* **Task directions**:
Give the lines below again, exactly as they stand, and leave out the images.

* **Data entries**:
-=-=-
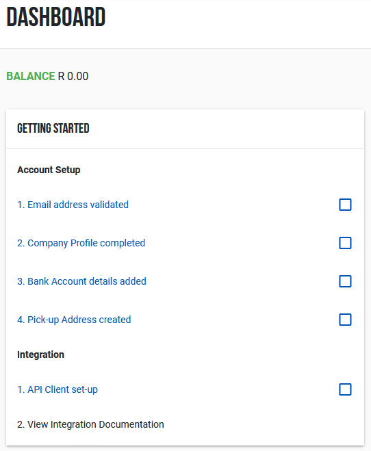 Complete all 4 steps for the Account Setup and the first step under Integration (1. API Client set-up)
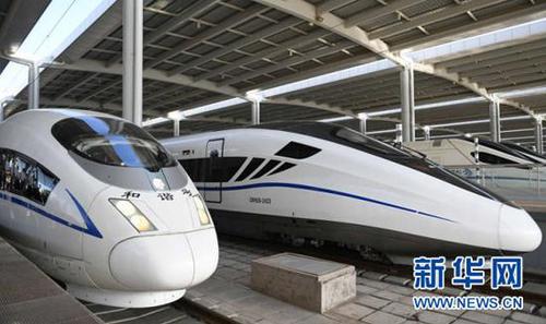 2017年7月9日,兰州铁路局开行的首趟宝兰高铁G2028次动车组(左)在兰州西站等待发车。来源:新华社
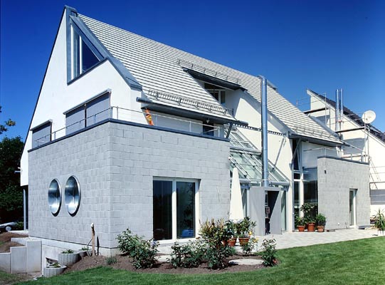 Am Rande eines unverbaubaren Tiefgestades, der "Grünen Lunge" einer Kleinstadt, entstand dieses Einfamilienhaus.
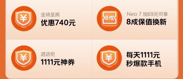 京东双十一购买iQOO手机从10.20晚上8点到11.13全程保价,参与爆款预售活动的用户加赠半年延保,全场爆款赠送5成保值换新,购机全场最高优惠740,享24期免息。购买iQOO Neo7的用户加69元,可享8成保值换新,预售期间每天限量抢100%保值换新。
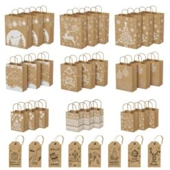 24PCS Bulk Christmas Kraft Paper Gift Bags With Handles
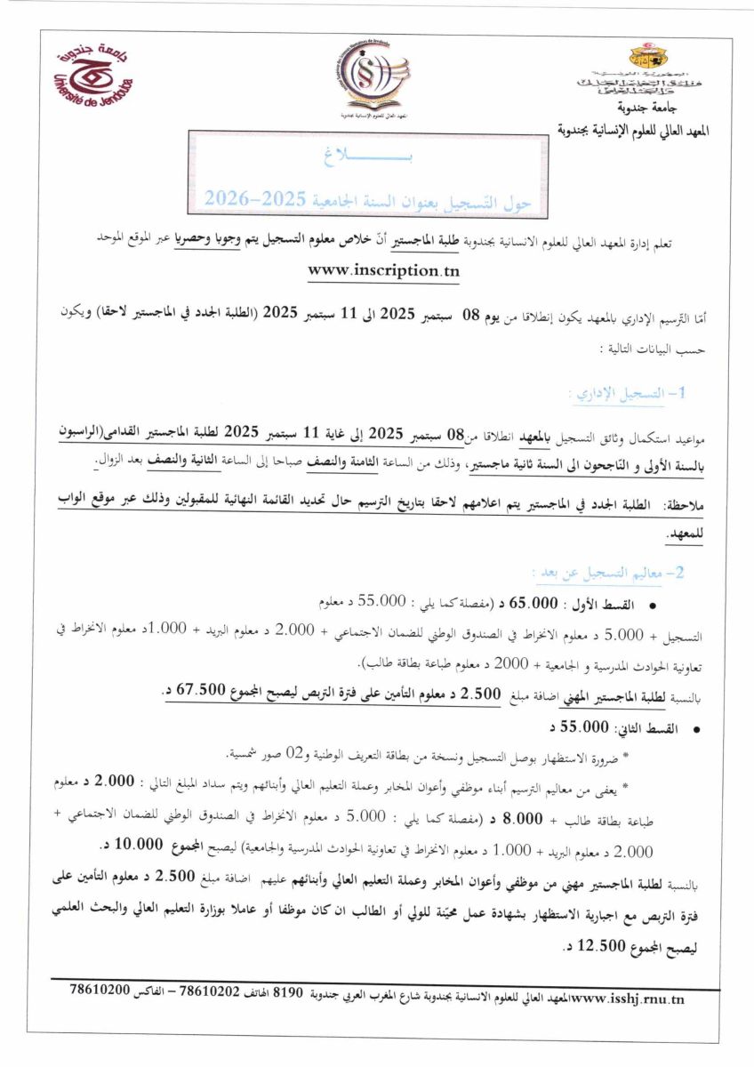 بلاغ تسجيل طلبة الماجستير للسنة الجامعية 2025-2026
-=-=-
* **Task response**:
 Complete all 4 steps for the Account Setup and the first step under Integration (1. API Client set-up)
 2017年7月9日,兰州铁路局开行的首趟宝兰高铁G2028次动车组(左)在兰州西站等待发车。来源:新华社
 Am Rande eines unverbaubaren Tiefgestades, der "Grünen Lunge" einer Kleinstadt, entstand dieses Einfamilienhaus.
 京东双十一购买iQOO手机从10.20晚上8点到11.13全程保价,参与爆款预售活动的用户加赠半年延保,全场爆款赠送5成保值换新,购机全场最高优惠740,享24期免息。购买iQOO Neo7的用户加69元,可享8成保值换新,预售期间每天限量抢100%保值换新。
 24PCS Bulk Christmas Kraft Paper Gift Bags With Handles
 بلاغ تسجيل طلبة الماجستير للسنة الجامعية 2025-2026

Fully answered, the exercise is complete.